細胞壁中の2,6−ジアミノピメリン酸は、LL−型である。
なお、前記菌体成分は、薄層クロマトグラフィーにより分析した。
細胞壁中の2,6−ジアミノピメリン酸はmeso−型である。
菌体成分としてミコール酸を含有する。
16S rRNA遺伝子の部分塩基配列(1,431bp)を決定し、DNAデータベースに登録された公知菌株のデータと比較した。
その結果、ML96−86F2株の塩基配列は以下に示すように、ノカルディア(Nocardia)属放線菌の16S rRNA遺伝子と高い相同性を示した。即ち、Nocardia anaemiae(98.8%)、N. pseudovaccinii(98.3%)、N. vinacea(98.3%)などである。なお、前記括弧内の数値は、塩基配列の相同値を表記した。

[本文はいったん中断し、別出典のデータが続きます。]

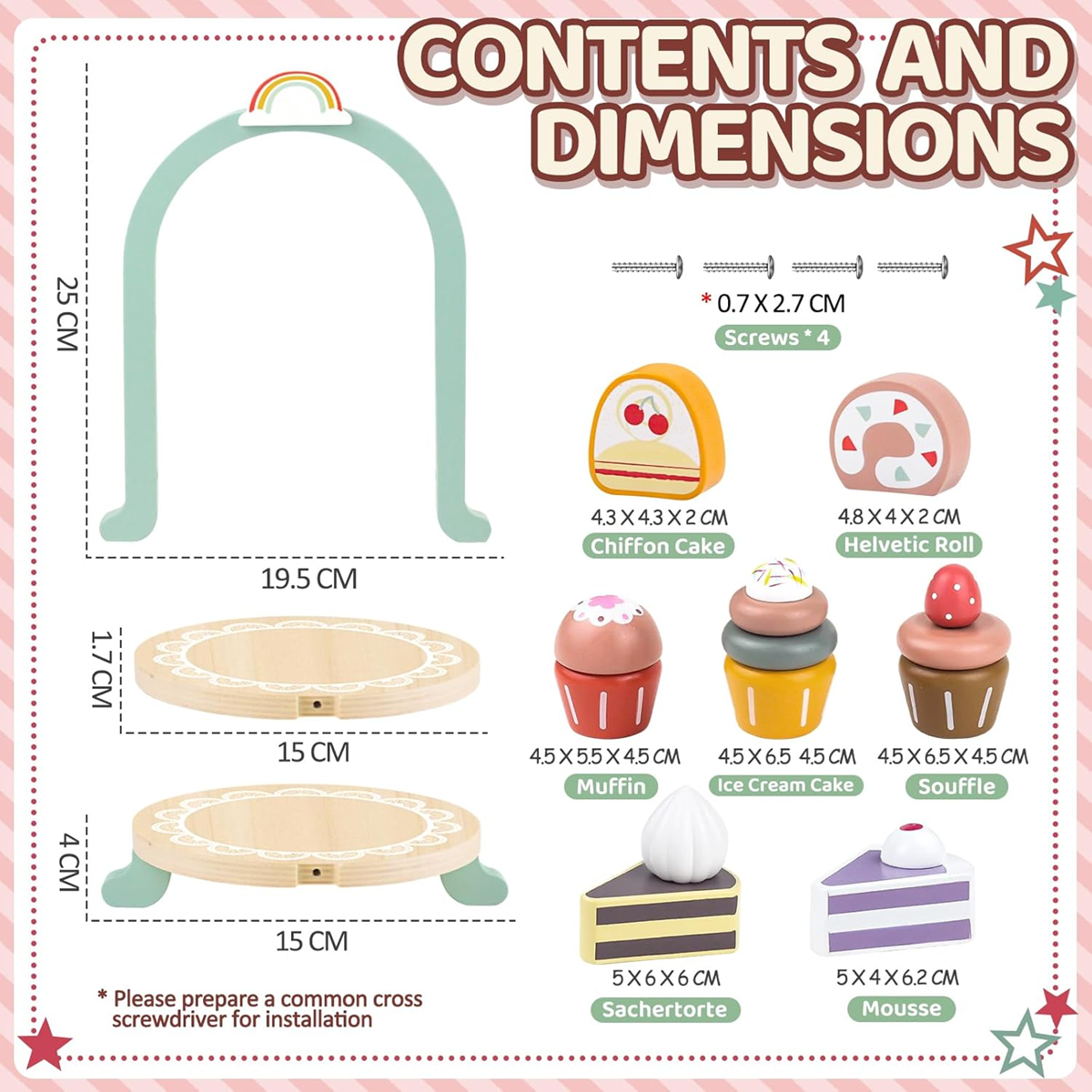 - ? Jemné príslušenstvo na pečenie: Imitovaná dezertná súprava od Airlab obsahuje 3 muffiny, 2 valčeky na cesto, 2 sušienky s maslovým krémom a 1 stojan na koláče. Zábavné a farebné dezertné hračky vyzerajú veľmi realisticky a robia oslavu narodenín/čajového večierka ešte príjemnejšou.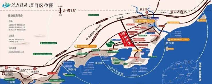 项目距三亚市区约45公里;距三亚凤凰机场车程约77公里;距陵水动车站6.3公里;距国黎安港7公里;距富力海洋欢乐世界5公里。距新村码头10公里。目前海南环岛动车已全线贯通,湾区内部市政公共交通、穿梭巴士等均已投入运营,多维高效交通网络,让您畅游岛内外。
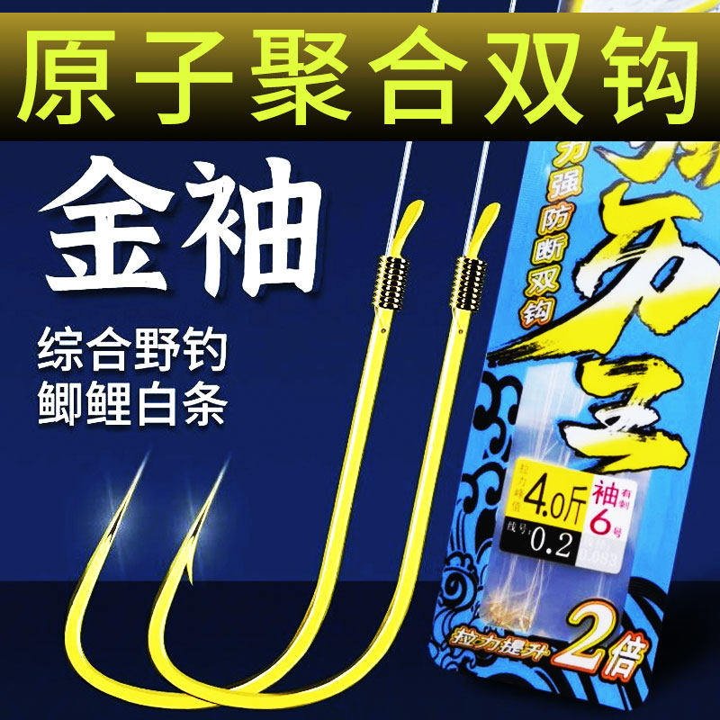 鱼钩绑好短子线双钩成品套装钓鱼袖钩金海夕金袖渔具野钓鲫鱼钩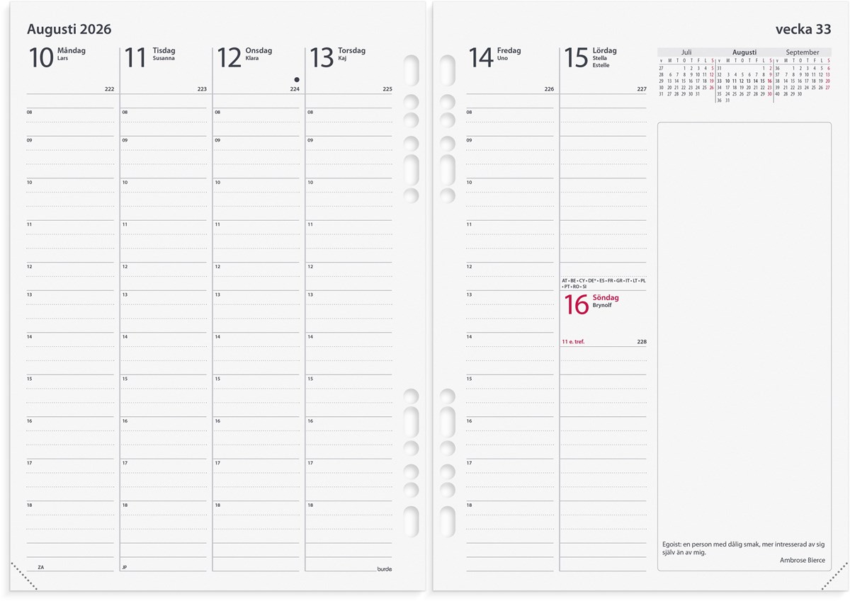 Systemkalender med grundsats. Grundsatsen innehåller hålad kalenderdel (4801) och blankettdel. Pärmen har ringmekanism (Ø 30 mm), fem kreditkortsfickor, stort myntfack med dragkedja, fack för kvitton o dyl och pennhållare. Format pärm: 185x235 mm (A5).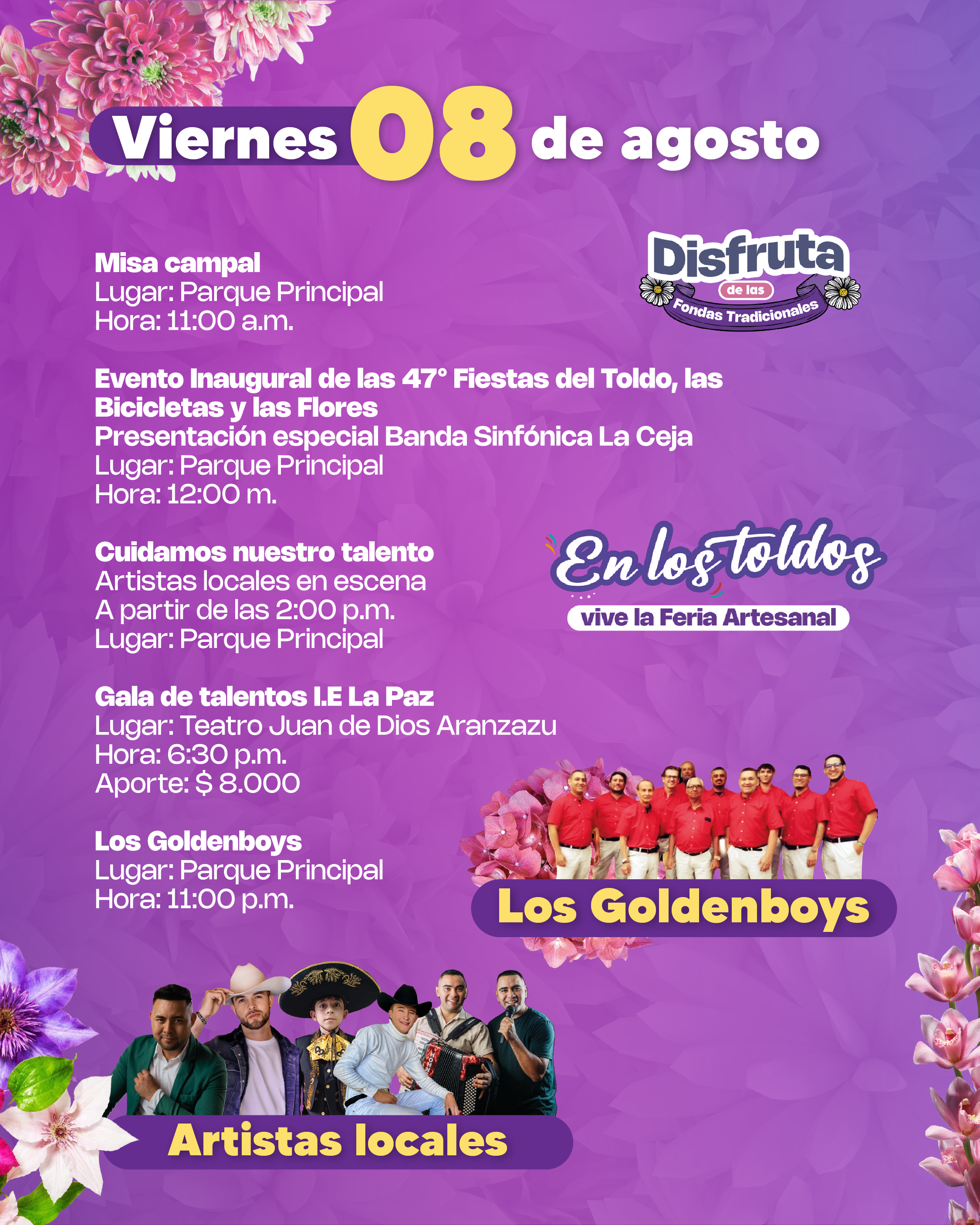 Del 8 al 18 de agosto y luego de 8 años, el parque principal de La Ceja volverá a vibrar con las Fiestas del Toldo, las Bicicletas y las Flores que este año llegan a su 47° versión.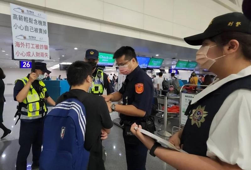 台灣警方在機場提醒勸阻民眾勿輕易受騙至其他地方 (圖片來源:台灣“聯合新聞”)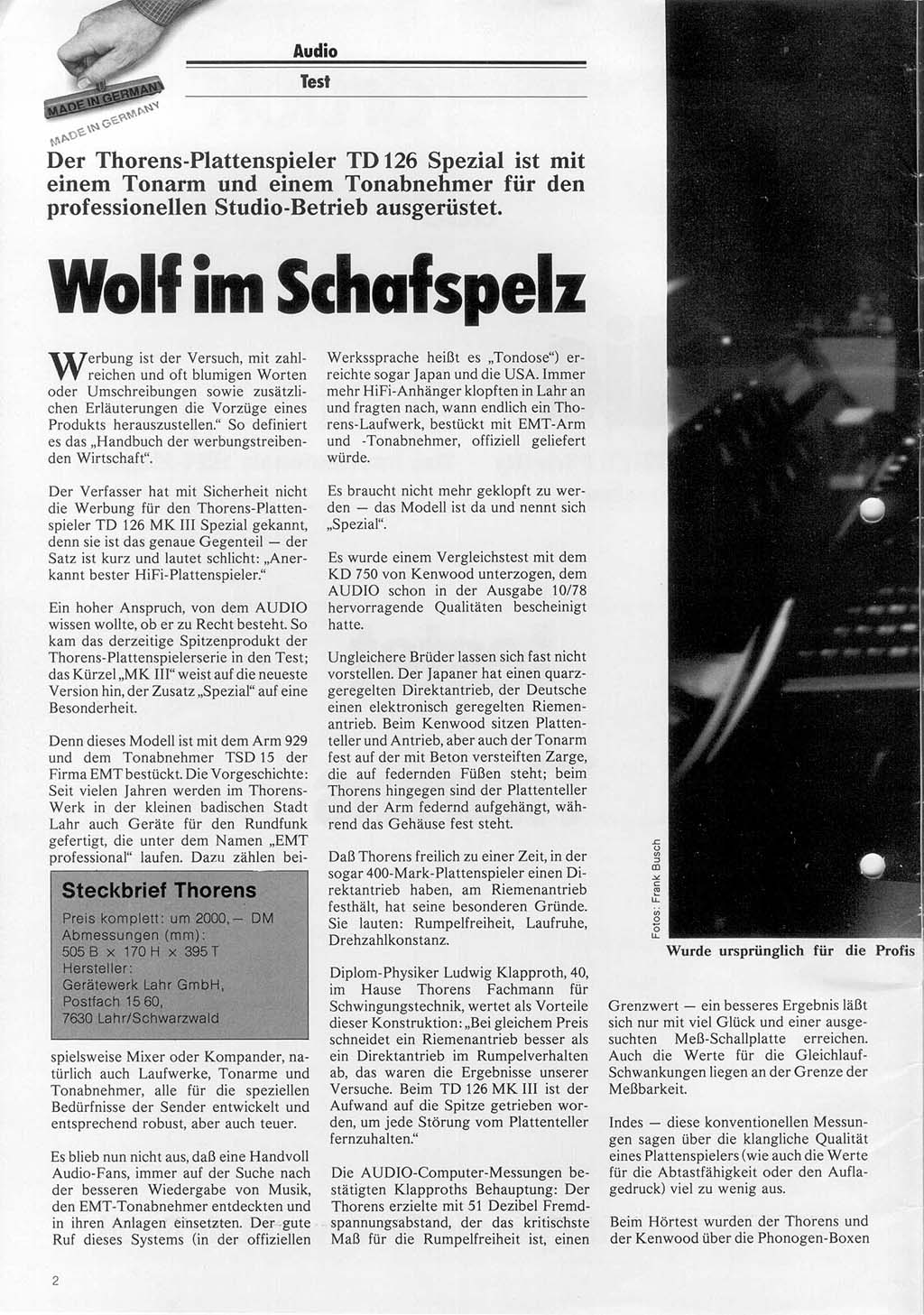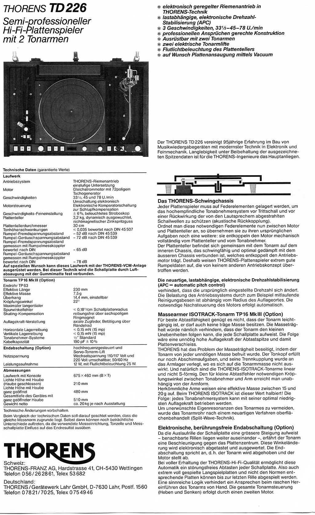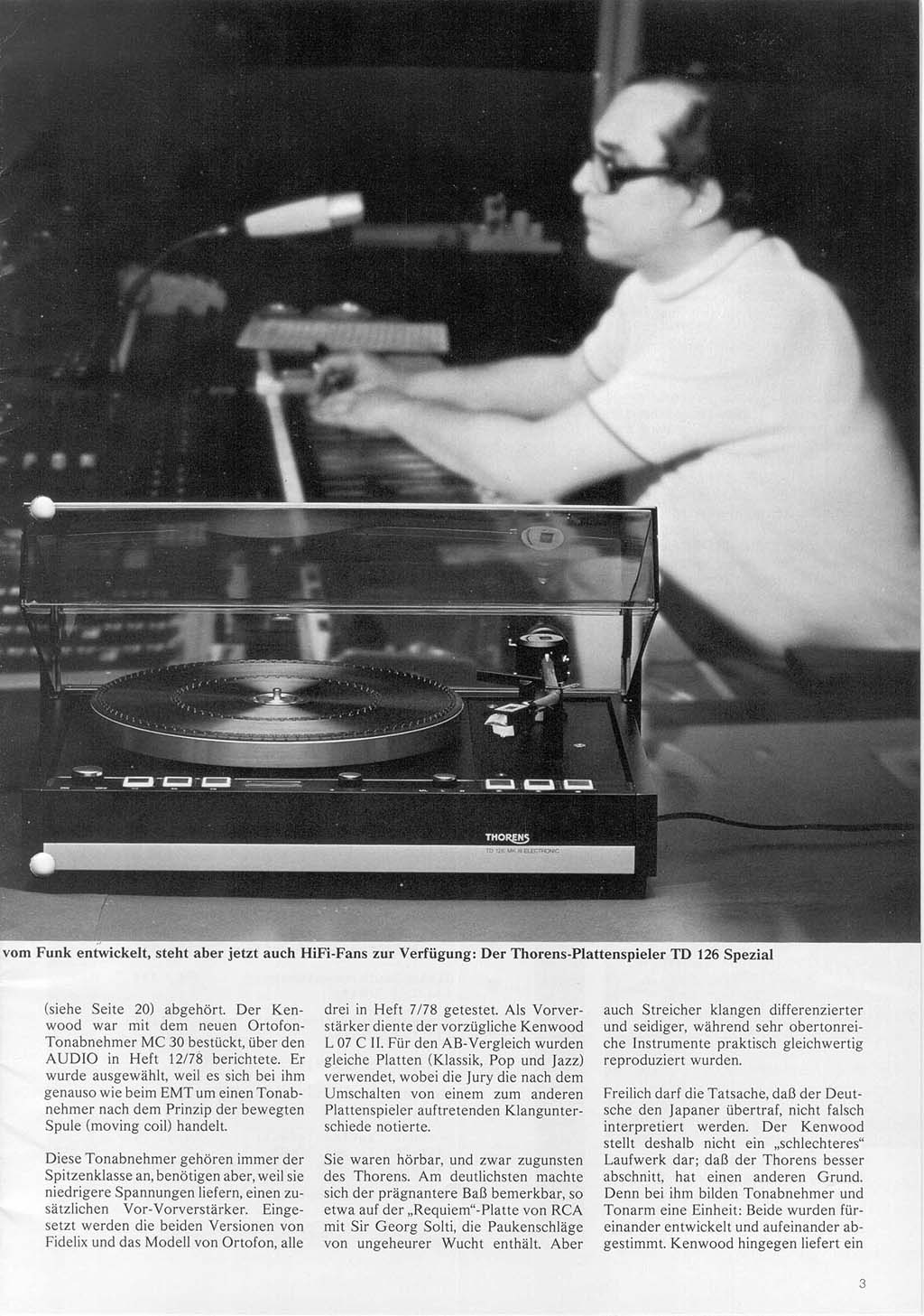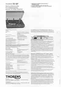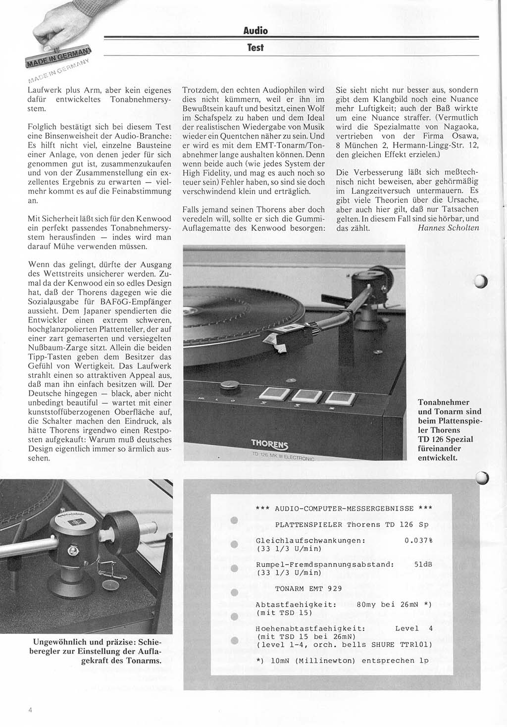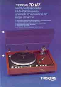 Unter Schallplattenliebhabern gilt der Thorens TD 126 seit 1976 als Inbegriff eines hochwertigen Plattenspielers. Als Nachfolger des TD 125 konzipiert, wurden dessen bewährte Konstruktionsmerkmale, wie z.B. das an drei Kegelfedern aufgehängte Subchassis und der elektronisch geregelte, einstufige Riemenantrieb, aufgegriffen und weiter verbessert. Die oft geäußerte Kritik am ungewöhnlichen Drehzahlangebot des 125er (16, 33 und 45 U/min) zeigte Wirkung: Thorens verzichtete zugunsten der für Schellackplatten wichtigen 78 Umdrehungen auf die nur selten benötigte 16er Drehzahl. Neu war der hohe Bedienungskomfort mit elektrischem Tonarmlift und vorwählbarer Betriebsart (Endabschaltung mit und ohne Motorstopp, voll manuell). Motor TD 126 u. TD 126 Mk. II : AC; 16-poliger Synchronmotor m. 2-Phasen-Generator, Regelung über Netzfrequenz. Geschwindigkeiten 33, 45 und 78 U/min., elektron. Umschaltung, pitchbar +/- 6%. Der TD 126 Mk III, der bereits ein Jahr später auf den Markt kam, prägte anschließend entscheidend den Ruf dieses hervorragenden Laufwerks. Anstelle des bewährten 16-poligen Synchronmotors verfügte der Mk III über einen komplett neu entwickelten Antrieb mit einem Gleichstrommotor und lastabhängiger Tachoregelung (DC, 72-poliger Tachogenerator, elektron. Komparatorschaltung, APC - automatic pitch control). Da diese Technik mit einem geschlossenen Regelkreis arbeitet, können durch Mitlaufbesen oder Zusatzgewichte verursachte Drehzahlfehler ausgeglichen werden. Neben dem serienmäßig montierten Tonarm TP 16 Mk III wurde der TD 126 Mk III später auch ab Werk mit Tonarmen von Dynavector, Koshin und SME bestückt. Selbst mit diesen Tonarmen bot das Laufwerk uneingeschränkten Bedienungskomfort (Ausnahme: Dynavector-Arm). Unter der Bezeichnung TD 126 Spezial wurde das Laufwerk mit dem Studiotonarm EMT 929 angeboten. Um den bewährten TD 126 Mk III für den professionellen Einsatz in Discotheken und kleineren Tonstudios nutzen zu können, entwickelte Thorens den Mk IV. Optisch nahezu unverändert, war das Laufwerk den Anforderungen entsprechend modifiziert worden. Der tachogeregelte Gleichstromantrieb wurde durch einen elektronisch geregelten Wechselstromantrieb ersetzt, der schon bei der ersten Generation des TD 126 zum Einsatz kam. Weitere Änderungen betrafen die straffere Anlaufkupplung für eine kürzere Hochlaufzeit und das härter aufgehängte Subchassis.
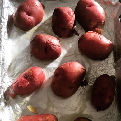 As usual, I followed the basic principles of her recipe but tweaked it to make it my own. First, I don’t have time to always boil potatoes. I’ve found for this recipe, rinsing the potatoes, wrapping them in damp paper towels and microwaving get the potatoes right where I need them to be. It takes 10 minutes! Obviously cook times will vary so just keep an eye on it. I usually start with 5 minutes, test them and then go a couple more minutes and test them again. You could also do as the original post suggests and boil them, too!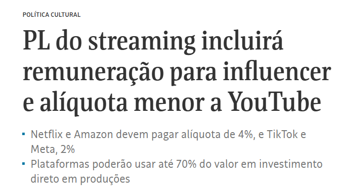 A finalidade é controlar e taxar ainda mais o mercado de streaming no Brasil

ML96−86F2株の細胞壁中の2,6−ジアミノピメリン酸はmeso−型であり、菌体成分としてミコール酸を含有する。
ML96−86F2株の16S rRNA遺伝子の部分塩基配列を解析し、公知菌株のデータと比較したところ、ノカルディア属放線菌と高い相同性を示した。
なお、前記ML96−86F2株は、独立行政法人製品評価技術基盤機構 特許微生物寄託センター(〒292−0818 千葉県木更津市かずさ鎌足2−5−8)に寄託申請し、2012年11月15日に国内寄託され、その後、2013年12月2日にブダペスト条約に基づく国際寄託への移管請求が受領され、受託番号NITE BP−01464として国際寄託されている。
<化合物含有組成物>
本発明の化合物含有組成物は、前記構造式(1)で表される化合物を少なくとも含み、必要に応じて、更にその他の成分を含む。
前記その他の成分としては、特に制限はなく、薬理学的に許容され得る担体の中から目的に応じて適宜選択することができ、例えば、添加剤、補助剤、水などが挙げられる。これらは、1種単独で使用してもよく、2種以上を併用してもよい。
前記化合物含有組成物は、前記構造式(1)で表される化合物を含むため、優れた抗がん作用、優れた抗ヘリコバクター・ピロリ活性を有し、安全性が高く、例えば、医薬組成物、抗がん剤、抗ヘリコバクター・ピロリ剤などに好適に利用可能である。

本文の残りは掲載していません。